All DTI data were analyzed offline using the Diffusion Toolbox within FSL 6.0 (http://www.fmrib.ox.ac.uk/fsl; Smith et al., 2004). The standard TOPUP, EDDY, and DTIFIT routines in the toolbox were used to correct image distortions and reconstruct diffusion tensor and fractional anisotropy (FA) maps. Voxelwise statistical analysis of the FA data was performed using tract-based spatial statistics (TBSS; Smith et al., 2006). FA images were first registered to Montreal Neurological Institute (MNI) template space using linear registration and the FLIRT routine (Jenkinson, Bannister, Brady, & Smith, 2002; Jenkinson & Smith, 2001); the registered FA images were then averaged to create a mean FA image, from which a tract skeleton was generated. After the TBSS-based FA skeleton was created, masks were generated for the left and right superior longitudinal fasciculi using the Jülich histological atlas (Eickhoff, Heim, Zilles, & Amunts, 2006; Eickhoff et al., 2005). FA values for both tracts were calculated using these masks. Data for two participants were missing due to scanner acquisition error.

Results

Behavioural accuracy

The average Pr was 0.26 (Table 1), with average HR = 0.40 and average FA = 0.14. There was a significant effect of Emotion on Pr, F(4, 144) = 2.91, p = 0.02, η2 = 0.08. Post-hoc pairwise comparisons with Šidák corrections revealed that anger was the best recognized emotion, followed by sadness and neutral (which did not differ from one another, p > 0.05), and happiness and fear (which did not differ from one another, p > 0.05; unless otherwise specified, all emotions differed significantly from one another, all ps < 0.05). There also was a main effect of the continuous variable of Age, F(1, 36) = 4.34, p = 0.04, η2 = 0.11, such that older age was associated with greater accuracy (Figure 1). Lastly, there was a main effect of Gender, F(1, 36) = 4.57, p = 0.04, η2 = 0.11, whereby females were more accurate than males. There were no interactions between Emotion and Age or Gender (ps > 0.05).Footnote 1

Table 1 Mean sensitivity (Pr) for all participants
Fig. 1
figure 1

Association between age (in years) and vocal ER accuracy (Pr). Female participants are identified with blue circles; male participants are identified with green triangles. The black line represents the linear relationship between the two variables (R2 = 0.128).

Neuroimaging data

Activation related to task

We examined the general linear test for task activation compared to baseline (Table 2; Figure 2). Activation was noted along the length of the right and left STG, extending into the IFG. Other clusters were found in the frontal lobe, including at midline in the medial frontal gyrus and bilaterally in the precentral gyrus (which may reflect motor activity associated with task response), as well as in the occipital lobe (cuneus and lingual gyrus) and subcortical structures (thalamus and caudate). Deactivation during the task also was noted bilaterally in the inferior parietal lobule, parahippocampal gyrus, middle temporal gyrus, and postcentral gyrus (Table 2).
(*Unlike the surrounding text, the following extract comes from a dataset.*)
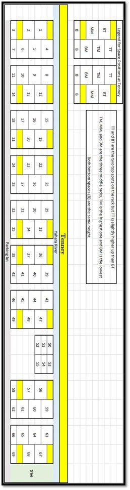 8.      Blank entries/empty spaces. If a line on your audit sheet is left blank, then it has not been assigned and that space on the rack should be empty, so document if anything is in that space and take a picture if you can.  If there is a permit number assigned on your sheet but the space on the rack is empty, then just make a quick note that the space was empty, no need for pictures.

Table 2 Activation during stimulus presentation compared with baseline
Fig. 2
figure 2

Activation associated with presentation of auditory stimuli. Red areas denote increased activation during the task compared to baseline; blue denotes deactivation during the task compared to baseline. Clusters were formed using 3dclustsim at p < 0.001 (corrected, with a cluster size threshold of 26 voxels). Refer to Table 2 for description of regions of activation.

Effect of emotion type and age on activation during task

A main effect of Emotion was noted in the postcentral gyrus. There was a main effect of Age (Table 3; Figure 3, first column) in the bilateral superior frontal gyrus at midline (B-SFG), the right middle frontal gyrus (R-MFG), the left middle frontal gyrus (L-MFG), the left precentral gyrus (L-PCG), and the left inferior frontal gyrus (L-IFG). Regression analyses revealed that age linearly predicted increased mean activation in each of the five clusters (Figure 3, second column; B-SFG: t(37) = 5.71, β = 0.68, p < 0.001; R-MFG: t(37) = 5.95, β = 0.70, p < 0.001; L-MFG: t(37) = 5.80, β = 0.69, p < 0.001; L-PCG: t(37) = 5.20, β = 0.64, p < 0.001; L-IFG: t(37) = 5.63, β = 0.67, p < 0.001).Footnote 2

Table 3 Effect of age on activation during stimulus presentation compared with baseline
Fig. 3
figure 3

Age-related changes in activation. Clusters were formed using 3dclustsim at p < 0.001 (corrected, with a cluster size threshold of 26 voxels). The first column illustrates five clusters of age-related activation (see Table 3 for description of each cluster). The second column contains scatterplots of the association between activation in each cluster and age. The third column contains scatterplots of the association between activation in each cluster and task performance (Pr, or sensitivity). On each scatterplot, R2 indicates the amount of variance in activation explained by either age or Pr; the significance of the association between both variables is noted as * p < 0.05, *** p < 0.001. Brain images are rendered in the Talairach-Tournoux template space. L = left, R = right. SFG = superior frontal gyrus, MFG = middle frontal gyrus, PCG = precentral gyrus, IFG = inferior frontal gyrus.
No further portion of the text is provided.